Confidence Scores in Anthropometric APIs: Dev Guide

When you get a body dimension prediction from an anthropometric API, you typically see something like this:

"chest_circumference": {
  "value": 921.4,
  "unit": "mm",
  "type": "FLESH",
  "confidence_score": 78,
  "range_95": [869.0, 973.8]
}

Three numbers: a value, a confidence score, and a prediction interval.
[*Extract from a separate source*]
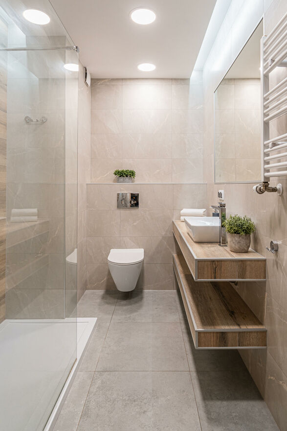 -łazienka wyposażona w duży prysznic, zlew, wc,

Most integrations read value and ignore the other two. That’s leaving significant information on the table. This guide explains what these numbers actually mean and how to use them.

What confidence_score is not

confidence_score is not a probability. It is not a percentage likelihood that the prediction is correct. It is a reliability index — a composite heuristic that reflects how much statistical information the model had available when producing this prediction.

Specifically, it is derived from the 95% prediction interval: a narrower interval relative to the predicted value maps to a higher score. The theoretical ceiling of 100 would require a prediction interval of width zero — only possible if the dimension were directly measured, not predicted.

Think of it as an answer to: “How much should I trust this number for a critical decision?” A score of 85 means “high confidence, use it.” A score of 65 means “use with caution, widen your tolerances.”

The two dimension types: BONE and FLESH

Every output dimension is either BONE or FLESH. This distinction is more important than the confidence score for understanding prediction accuracy.

BONE dimensions are skeletal landmarks: sitting height, biacromial breadth (shoulder width), forearm-hand length, crotch height, foot length. These are governed by skeletal geometry, which varies smoothly and predictably with body height. Ridge regression captures this relationship with high fidelity.

FLESH dimensions are soft-tissue measurements: chest circumference, waist, hip, thigh, upper arm. These depend on fat distribution, muscle mass, and body composition — all of which vary substantially at a given height and weight. A person who is 175cm and 75kg can have a waist measurement anywhere in a large range, depending on their metabolic profile.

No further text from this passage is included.